Fitell Corporation’s board of directors approved a share repurchase program that allows the company to buy back up to $3 million of its ordinary shares over the next 24 months, a move announced on December 1 2025.
The program, authorized by the board on November 27 2025, gives Fitell flexibility to repurchase shares at its discretion, subject to market conditions. The $3 million cap reflects the company’s desire to return capital to shareholders while preserving liquidity for ongoing investments in fitness technology and its emerging digital‑asset and robotics ventures.
CEO Sam Lu said the decision follows FY2025 results that demonstrate stronger revenue growth and a narrowed net loss. He noted that the current market valuation does not fully reflect Fitell’s operational progress and opportunities across its fitness operations and 2F Robotics, underscoring management’s confidence that the shares are undervalued.
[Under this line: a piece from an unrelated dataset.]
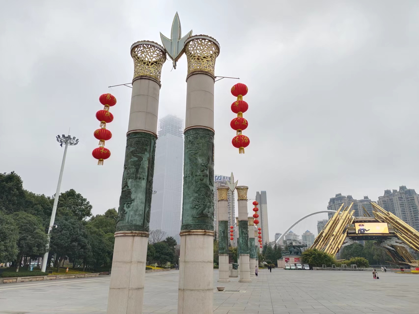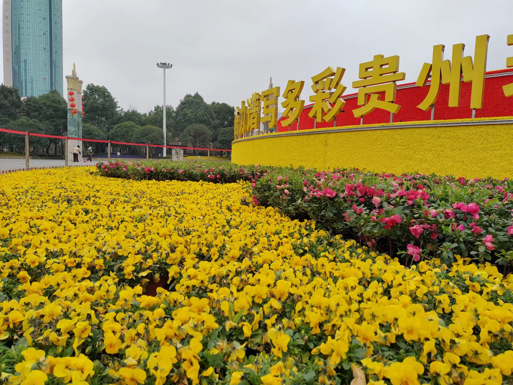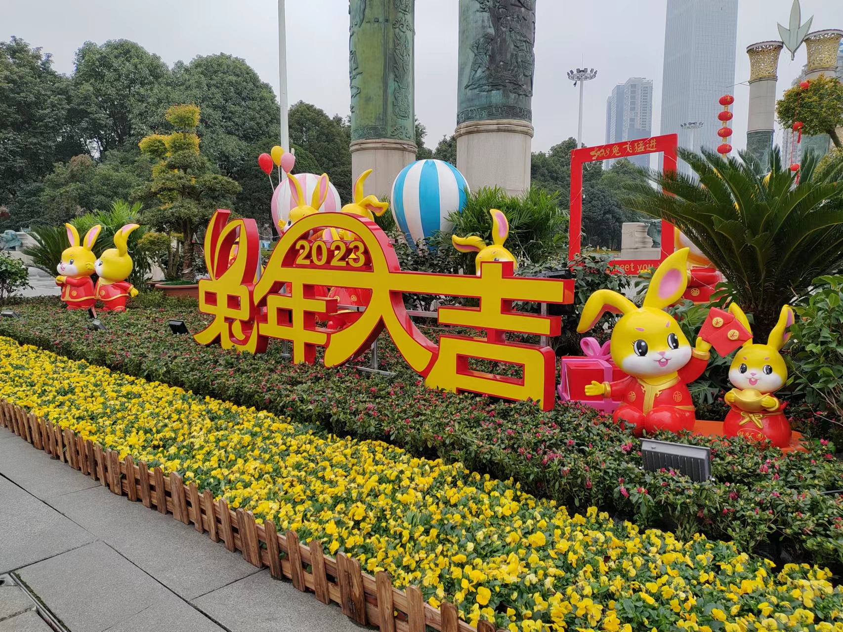 兔年新春佳节临近,贵阳市筑城广场已经装扮一新,火红的灯笼、艳丽的鲜花,还有可爱的兔宝宝,都在向人们传递着新春的问候。

FY2025 financials show revenue of $5.2 million, up 16.4% from $4.47 million a year earlier, and a net loss of $0.68 million versus a $9.31 million loss in the prior year. Gross margin rose to 39.3%, an increase of 3.8 percentage points, driven by higher‑margin product mix and disciplined cost control. The improved profitability, while still a loss, signals a positive trajectory that supports the share‑buyback rationale.
Investors reacted positively to the announcement, interpreting the buyback as a strong signal of management’s confidence in Fitell’s valuation and future growth prospects. The program aligns with the company’s strategy to balance shareholder returns with continued investment in its core fitness business and high‑growth digital‑asset initiatives.